Alice Kate Mullen remembers George Whitman (1913-2011):
George Whitman died peacefully at home above his bookshop on 14 December 2011, two days after his 98th birthday. As the founder (in 1951) of the legendary Shakespeare and Company, in a former monastery in Paris, George became a modern-day frère lampier. He lit the way for generations of writers, including Beckett, Miller and Durrell, as well as the beat poets Ferlinghetti and Ginsberg. American-born and much travelled, George lived for people and books, not margin and profit. Inscribing this creed onto his library walls: 'Be not inhospitable to strangers / Lest they be angels in disguise', he offered wandering readers and writers, known as 'tumbleweeds', a bookshelf bed in exchange for a few hours' work.
Trusting in George's hospitality, I first arrived at Shakespeare and Co. near midnight in November 2009. The lamps were indeed lit and sanctuary was granted, indefinitely. Although I missed George's heyday, the infamous pancakes and cockroaches, his Sunday tea parties lived on, in mismatched crockery and cups with broken handles (George didn't approve of handles). Luminous and gaunt, George remained the heart and soul, quieter then, but listening still. Poetry readings came and went, and one evening, at the heart of a festival, he sat surrounded by champagne and well-wishers in his splendid paisley jacket, velveteen and utterly George. In those short summer months, we often carried George down from his eyrie in his armchair. Mine was only a fleeting encounter, but, even then, eating ice cream with him outside the bookshop, I knew how fortunate we were to inhabit his world.
Free-spirited and eccentric, George will be truly missed by bibliophiles worldwide who visited and stayed in his bookshop over the last 60 years. His daughter Sylvia continues his mission and 'tumbleweeds' across the world carry, in their hearts, the lamp which he lit.
The Nobel Prize-winnning Polish poet Wislawa Szymborska died in February at the age of 88. A full obituary will appear in the next issue of PNR.

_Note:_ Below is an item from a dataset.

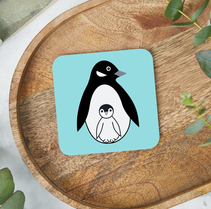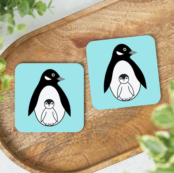 Choose either one coaster or a set of 2, 4 or 6 coasters from the drop-down menu, all in the same penguin design.

An innovative iPad 'app' based on The Waste Land has been recognised at the Future Digital Innovation Awards. Produced by Faber, the interactive resource allows readers to experience Eliot's poem in both manuscript (annotated by Pound and Eliot's first wife) and in published form, to read explanations of particular passages and to hear the poem read by Eliot himself at two different points in his life. It also features audio readings (synchronised to the text) of The Waste Land by Ted Hughes and actors Alec Guinness and Viggo Mortensen, a dramatic interpretation by Fiona Shaw and responses to the poem by Seamus Heaney and Jeanette Winterson. It is a bestseller on iTunes.
A Correction from Miriam Gamble:
In a recent review of the Shearsman anthology Mexican Poetry Today: 20/20 Voices (PNR 198), I remarked upon the male editor's discussion of gender in the work of the female poets included in the book. I've since discovered, with acute embarrassment, that the editor, Brandel France de Bravo, is a woman. I'd like to apologise to her and correct this rather substantial error on my part.
This item is taken from PN Review 204, Volume 38 Number 4, March - April 2012.